** Opening DATASET RECORDS block **
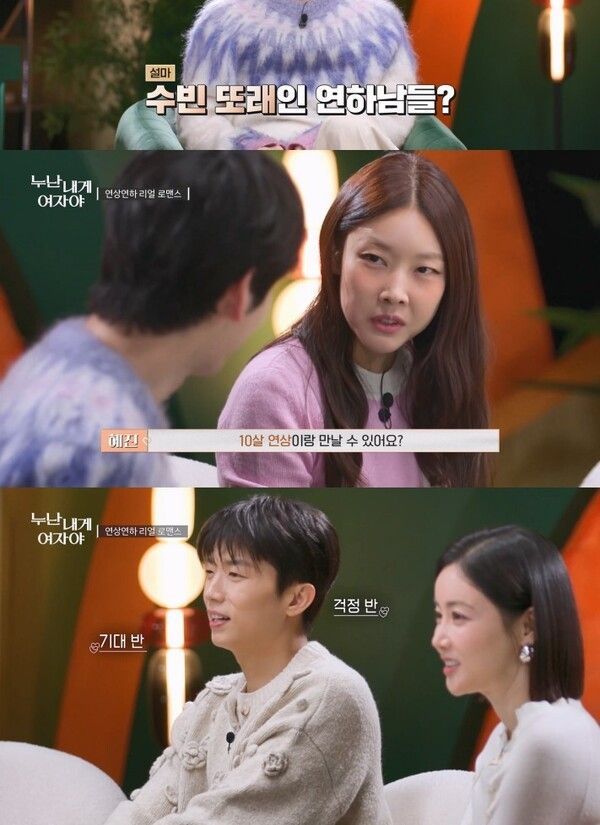 한혜진과 황우슬혜는 “다들 몇 살일까…수빈 씨 또래일까?”라며 연하남들이 2000년생 수빈과 비슷할 것이라 추측했고, 수빈 또한 “연하남들을 30대 초반으로 생각했는데…제 또래일 것 같다”고 조심스레 예상했다. 실제 나이 공개 결과, 장우영은 황우슬혜보다 정확히 10살 연하로 밝혀져 관심을 모았다. 이에 장우영과 수빈이 어떤 답을 내놨는지는 본 방송에서 확인할 수 있다.
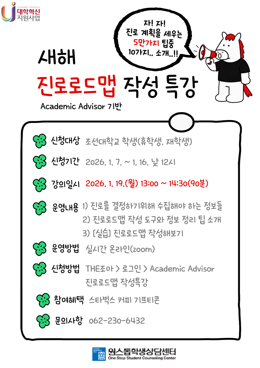 원스톱학생상담센터에서 2026년 새해를 맞이하여, 알찬 진로계획을 세우고 싶은 학생을 대상으로
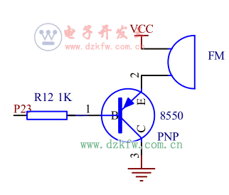 FM是一個蜂鳴器,8550是一個PNP型的三極管,C端接地,B端由單片機控制,E端通過FM接VCC。根據箭頭的方向,E端高電壓的時候,當B端也是高電壓,那么E和C之間是斷開的,當B端是低電壓,那么E和C直接導通,實現開關的作用。簡單的技巧:三極管上箭頭所在方向的二極管,只要二極管正向導通,那么三極管上下就能導通。
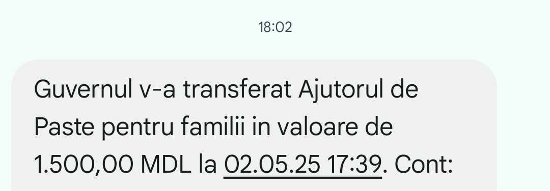 La 23 aprilie, președintele Parlamentului Republicii Moldova, Igor Grosu, și ministrul Muncii și Protecției Sociale, Alexei Buzu, au anunțat că familiile cu un copii cu vârsta de până la 5 ani vor primi un ajutor de Paște de 1500 de lei, iar cele care au la întreținere o persoană cu dizabilități, vor beneficia de o plată unică de 5000 de lei.
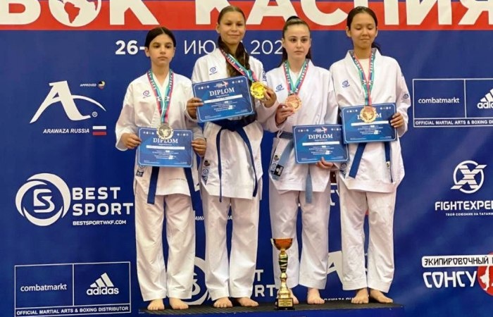 И заняли четвертое место в общем зачете среди 26 команд. В Каспийске прошли международные и всероссийские соревнования по каратэ WKF «Кубок Каспия». В них приняли участие 450 спортсменов из 23 регионов России, а также Азербайджана, Армении и Казахстана, которые определяли лучших в пяти возрастных категориях. Астраханская сборная была представлена 17 каратистами, и 10 из них удостоились наград. Наилучший результат на татами показали три девушки, завоевавшие золотые медали: Карина Есимова (возрастная категория – старше 18 лет, весовая категория - до 50 кг), Вероника Мошева (12-13 лет, до 42 кг), Екатерина Соломенникова (12-13 лет, свыше 52 кг). Еще 7 астраханцев стали бронзовыми призерами: Максим Илюхин (14-15 лет, до 52 кг + еще одна бронза в ката), Ростислав Лендов (старше 18 лет, 75 кг), Магомед Магомедов (14-15 лет, до 57 кг), Татьяна Черногорцева (14-15 лет, до 54 кг), Амелия Гайнетдинова (12-13 лет, до 52 кг), Дарья Карпова (12-13 лет, до 47 кг), Станислав Лигай (14-15 лет, в ката
** Closing DATASET RECORDS block **
EXERCISE PROMPT: Once the pictures are set aside, restate the remaining data above exactly.

EXPECTED OUTPUT:
 한혜진과 황우슬혜는 “다들 몇 살일까…수빈 씨 또래일까?”라며 연하남들이 2000년생 수빈과 비슷할 것이라 추측했고, 수빈 또한 “연하남들을 30대 초반으로 생각했는데…제 또래일 것 같다”고 조심스레 예상했다. 실제 나이 공개 결과, 장우영은 황우슬혜보다 정확히 10살 연하로 밝혀져 관심을 모았다. 이에 장우영과 수빈이 어떤 답을 내놨는지는 본 방송에서 확인할 수 있다.
 원스톱학생상담센터에서 2026년 새해를 맞이하여, 알찬 진로계획을 세우고 싶은 학생을 대상으로
 FM是一個蜂鳴器,8550是一個PNP型的三極管,C端接地,B端由單片機控制,E端通過FM接VCC。根據箭頭的方向,E端高電壓的時候,當B端也是高電壓,那么E和C之間是斷開的,當B端是低電壓,那么E和C直接導通,實現開關的作用。簡單的技巧:三極管上箭頭所在方向的二極管,只要二極管正向導通,那么三極管上下就能導通。
 La 23 aprilie, președintele Parlamentului Republicii Moldova, Igor Grosu, și ministrul Muncii și Protecției Sociale, Alexei Buzu, au anunțat că familiile cu un copii cu vârsta de până la 5 ani vor primi un ajutor de Paște de 1500 de lei, iar cele care au la întreținere o persoană cu dizabilități, vor beneficia de o plată unică de 5000 de lei.
 И заняли четвертое место в общем зачете среди 26 команд. В Каспийске прошли международные и всероссийские соревнования по каратэ WKF «Кубок Каспия». В них приняли участие 450 спортсменов из 23 регионов России, а также Азербайджана, Армении и Казахстана, которые определяли лучших в пяти возрастных категориях. Астраханская сборная была представлена 17 каратистами, и 10 из них удостоились наград. Наилучший результат на татами показали три девушки, завоевавшие золотые медали: Карина Есимова (возрастная категория – старше 18 лет, весовая категория - до 50 кг), Вероника Мошева (12-13 лет, до 42 кг), Екатерина Соломенникова (12-13 лет, свыше 52 кг). Еще 7 астраханцев стали бронзовыми призерами: Максим Илюхин (14-15 лет, до 52 кг + еще одна бронза в ката), Ростислав Лендов (старше 18 лет, 75 кг), Магомед Магомедов (14-15 лет, до 57 кг), Татьяна Черногорцева (14-15 лет, до 54 кг), Амелия Гайнетдинова (12-13 лет, до 52 кг), Дарья Карпова (12-13 лет, до 47 кг), Станислав Лигай (14-15 лет, в ката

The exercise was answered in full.